Wednesday, October 5, 2011

The Age-Old Struggle

One of my friends from recently posted this on her facebook, and there was a minor uproar of response: 7 likes and 15+ people discussing it.
This opinion didn't really surprise me - from what I know as a friend of Melissa she's particularly into singer-songwriters (no matter how well-known or obscure).  There were a lot of comments, some agreeing with her, and some disagreeing.  I'm a Skrillex fan myself, and I said so.  It doesn't bother me that some people don't find certain styles pleasing or interesting, so none of the comments for or against really bothered me, either.  But later that day Melissa's brother posted a comment that actually irritated me.
Maybe it seems pretty innocuous, but this comment really made me mad.  A little backstory: Michael Jones is in his mid- to late-20s and a math teacher at a high school near Austin.  He's also a talented musician, and he plays regularly at a local bar.  He sings solo and accompanies with acoustic guitar; he does covers of his favorite artists.  I've seen him - he's good.  I don't know this for a fact, but my guess is he doesn't write any original music, and if he does, it's nothing special.  Would I ever call him out on this?  No, it's in bad taste.

Until you make an ignorant comment like this one.  At first I had no idea what would compel him to say something like this about someone else in the world of music.  Don't artists have each other's backs most of the time?  But thinking about it some more, the whole comment reeks with jealousy.  It's practically drowning in it.  Evidently, Michael Jones fancies himself a prodigious musical talent.  He thus believes that someone like Skrillex - who makes music that sounds bizarre and computer generated to him - doesn't deserve the fame he has gained.  He wants to be in Skrillex's place on stage at huge music festivals, by virtue of his perceived talent, and he thinks he deserves to be.

Saying that an artist who uses a computer to generate music has no talent is the most enragingly closed-minded statement I've heard in a long time.  Regardless of whether you like his music, denying that Skrillex is a musical innovator is the height of ignorance.  Since before Brian Eno, a certain brand of musicians has been expanding the scope of music using computer-generated sounds.  Progressive Rock bands used Moog synthesizers in the 70s; Daft Punk led a host of DJs creating electronic house music; rap and hip-hop have used similar tools to create backing music and beats.  Like it or not, the computer is an integral part of music today.

Apparently Michael doesn't like it.  There's one essential point that is lost on Mr.

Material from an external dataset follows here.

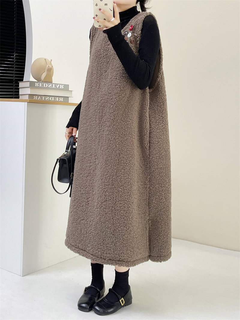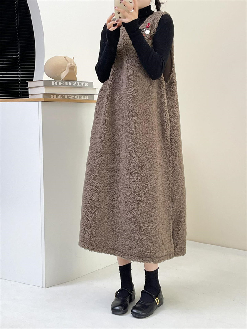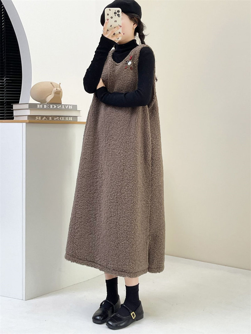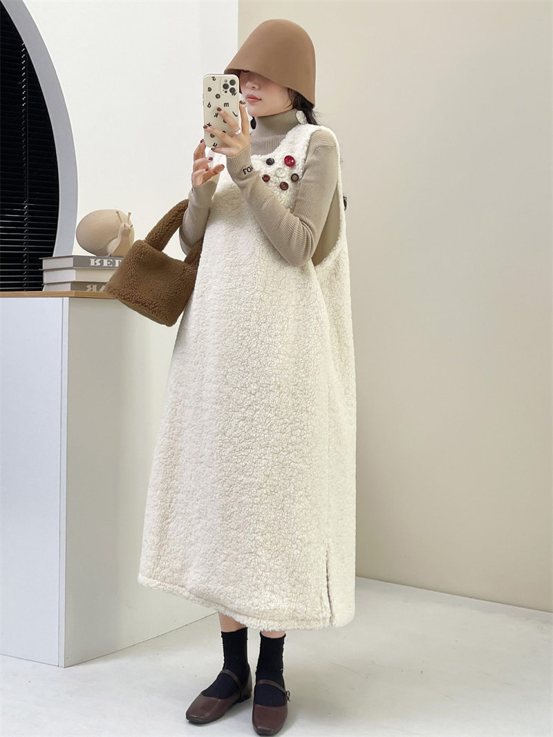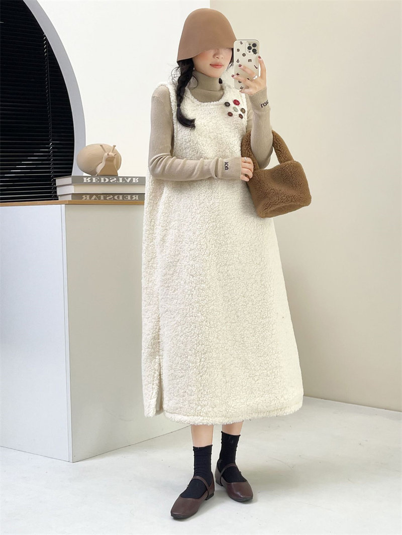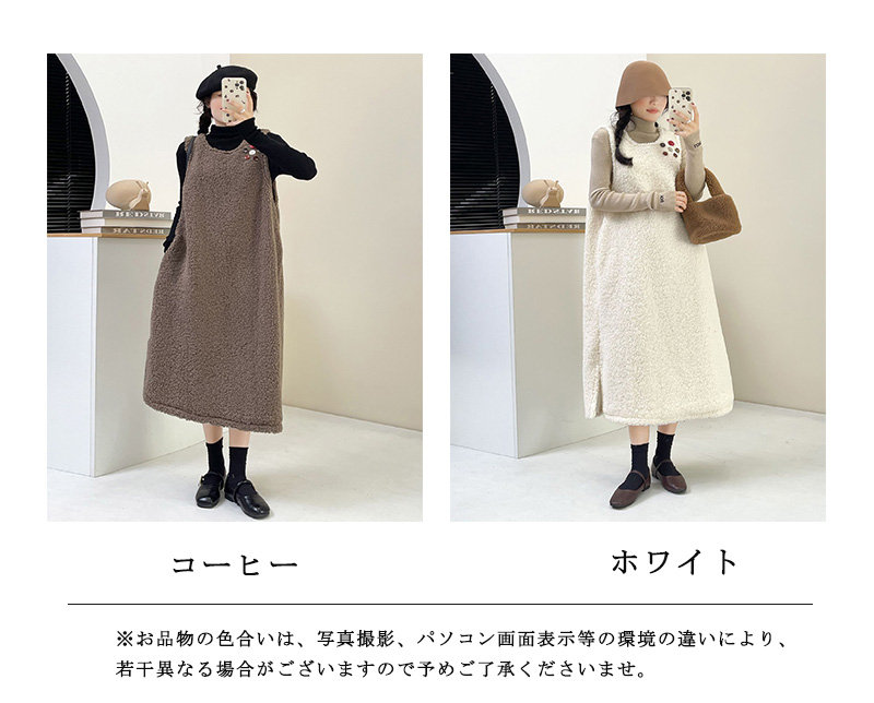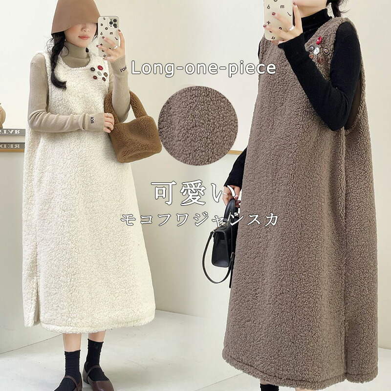 ワンピース ジャンスカ 秋冬 もこもこ ホワイト コーヒー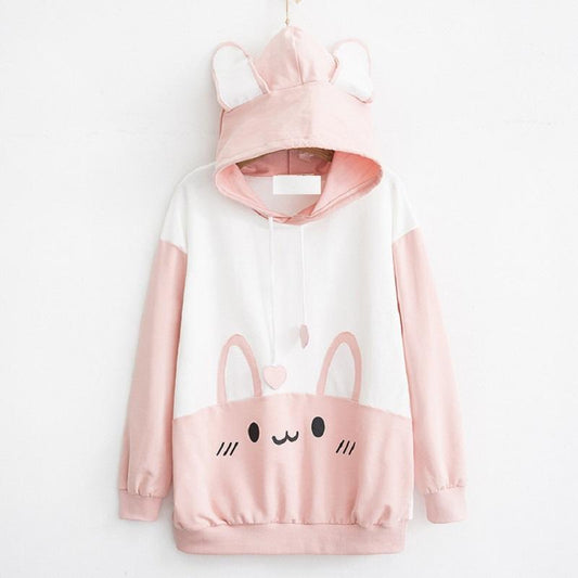 Women Casual Rabbit Hoodie High Quality Women Cartoon Pullover Oversized Hoodie Sweatshirt

Jones.  Skrillex goes through the same process any "normal" musician would in creating his songs.  In place of physical instruments, however, he uses the vast catalog of sounds afforded him by computer generation.  The intricacy and detail in his songs makes it evident that no computer could, on its own, create these tracks.  They can only aid an artist in the production.

This is really nothing new, though.  Innovative musicians have always face resistance.  If you can believe the basic premise of the movie Amadeus, people liked what Mozart was doing in general, but thought he used too many notes.  Jazz as an art form has come under criticism because of its lack of structure, yet it was among the most influential musical styles of the 20th century.  The other Beach Boys pushed back when Brian Wilson brought them Pet Sounds.  Some people still maintain rap is not music because they don't outright sing.  Skrillex is just another artist in this long line of musicians pushing sonic boundaries.  He'll meet resistance from those who don't recognize his genius.  But luckily that'll never stop him from creating.